[Data extracted from a collection]
○ ○ ○ ○ ○ ○ ○

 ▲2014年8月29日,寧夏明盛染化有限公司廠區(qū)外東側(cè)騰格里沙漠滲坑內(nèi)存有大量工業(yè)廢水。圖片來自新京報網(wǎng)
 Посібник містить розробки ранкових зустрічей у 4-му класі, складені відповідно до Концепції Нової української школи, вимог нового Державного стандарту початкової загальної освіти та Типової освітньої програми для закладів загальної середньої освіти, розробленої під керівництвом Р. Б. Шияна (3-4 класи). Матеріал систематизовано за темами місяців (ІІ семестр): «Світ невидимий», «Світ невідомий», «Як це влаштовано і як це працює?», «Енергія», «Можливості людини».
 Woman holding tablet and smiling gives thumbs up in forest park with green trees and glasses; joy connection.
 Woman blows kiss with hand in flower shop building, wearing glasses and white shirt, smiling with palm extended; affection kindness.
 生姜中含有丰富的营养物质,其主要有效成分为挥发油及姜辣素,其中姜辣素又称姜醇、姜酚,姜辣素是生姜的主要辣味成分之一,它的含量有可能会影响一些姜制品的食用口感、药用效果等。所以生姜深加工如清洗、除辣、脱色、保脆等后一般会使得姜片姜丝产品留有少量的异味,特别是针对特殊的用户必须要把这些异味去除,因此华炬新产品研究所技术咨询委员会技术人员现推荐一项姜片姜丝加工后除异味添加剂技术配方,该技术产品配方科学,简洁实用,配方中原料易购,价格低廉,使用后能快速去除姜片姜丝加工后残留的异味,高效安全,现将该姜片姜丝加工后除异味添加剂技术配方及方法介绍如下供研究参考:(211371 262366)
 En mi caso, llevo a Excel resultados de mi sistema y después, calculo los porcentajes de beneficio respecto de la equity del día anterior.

○ ○ ○ ○ ○ ○ ○

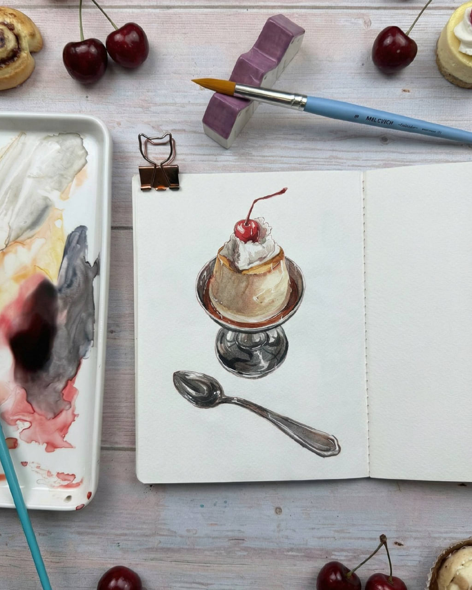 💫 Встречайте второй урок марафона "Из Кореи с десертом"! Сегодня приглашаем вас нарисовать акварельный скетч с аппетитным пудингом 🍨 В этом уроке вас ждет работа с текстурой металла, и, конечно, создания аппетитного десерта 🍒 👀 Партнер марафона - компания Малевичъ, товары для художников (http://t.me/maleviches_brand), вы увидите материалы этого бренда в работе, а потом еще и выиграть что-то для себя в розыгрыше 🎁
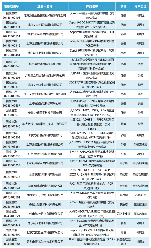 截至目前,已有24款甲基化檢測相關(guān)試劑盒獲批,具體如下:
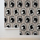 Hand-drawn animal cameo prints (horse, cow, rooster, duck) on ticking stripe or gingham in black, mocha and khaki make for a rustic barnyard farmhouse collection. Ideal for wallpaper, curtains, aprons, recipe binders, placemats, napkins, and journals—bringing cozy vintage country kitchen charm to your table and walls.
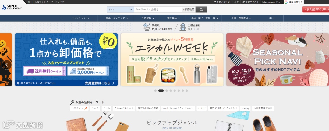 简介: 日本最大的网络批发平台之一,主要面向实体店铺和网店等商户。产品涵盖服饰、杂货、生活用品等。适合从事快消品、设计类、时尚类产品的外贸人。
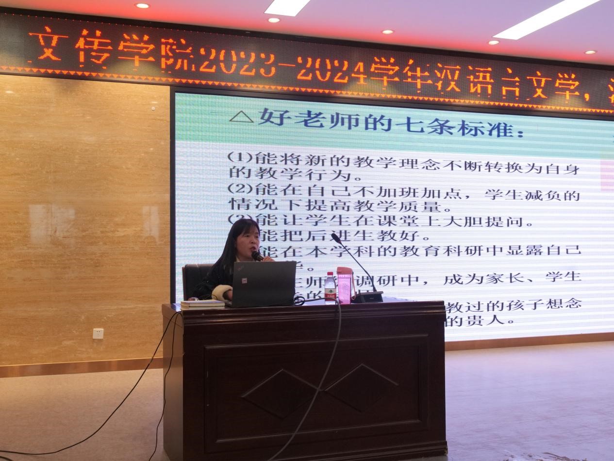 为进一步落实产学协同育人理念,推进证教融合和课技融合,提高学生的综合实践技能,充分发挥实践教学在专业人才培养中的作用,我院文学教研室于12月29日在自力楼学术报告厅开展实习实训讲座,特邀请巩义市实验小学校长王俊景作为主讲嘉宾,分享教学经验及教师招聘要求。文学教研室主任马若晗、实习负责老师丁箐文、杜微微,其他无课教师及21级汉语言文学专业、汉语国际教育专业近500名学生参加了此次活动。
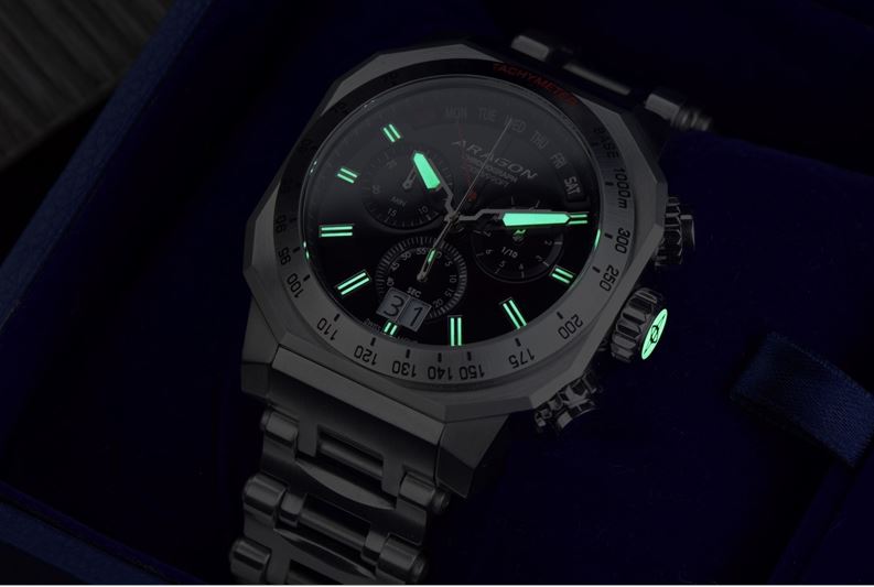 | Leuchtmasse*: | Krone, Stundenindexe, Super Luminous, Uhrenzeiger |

○ ○ ○ ○ ○ ○ ○

[About this exercise] Starting at the line containing "в розыгрыше 🎁" and finishing at the line containing "为进一步落实产学协同育人理念", return those lines exactly as they appear above, without the pictures.

[Solution for this problem]
 💫 Встречайте второй урок марафона "Из Кореи с десертом"! Сегодня приглашаем вас нарисовать акварельный скетч с аппетитным пудингом 🍨 В этом уроке вас ждет работа с текстурой металла, и, конечно, создания аппетитного десерта 🍒 👀 Партнер марафона - компания Малевичъ, товары для художников (http://t.me/maleviches_brand), вы увидите материалы этого бренда в работе, а потом еще и выиграть что-то для себя в розыгрыше 🎁
 截至目前,已有24款甲基化檢測相關(guān)試劑盒獲批,具體如下:
 Hand-drawn animal cameo prints (horse, cow, rooster, duck) on ticking stripe or gingham in black, mocha and khaki make for a rustic barnyard farmhouse collection. Ideal for wallpaper, curtains, aprons, recipe binders, placemats, napkins, and journals—bringing cozy vintage country kitchen charm to your table and walls.
 简介: 日本最大的网络批发平台之一,主要面向实体店铺和网店等商户。产品涵盖服饰、杂货、生活用品等。适合从事快消品、设计类、时尚类产品的外贸人。
 为进一步落实产学协同育人理念,推进证教融合和课技融合,提高学生的综合实践技能,充分发挥实践教学在专业人才培养中的作用,我院文学教研室于12月29日在自力楼学术报告厅开展实习实训讲座,特邀请巩义市实验小学校长王俊景作为主讲嘉宾,分享教学经验及教师招聘要求。文学教研室主任马若晗、实习负责老师丁箐文、杜微微,其他无课教师及21级汉语言文学专业、汉语国际教育专业近500名学生参加了此次活动。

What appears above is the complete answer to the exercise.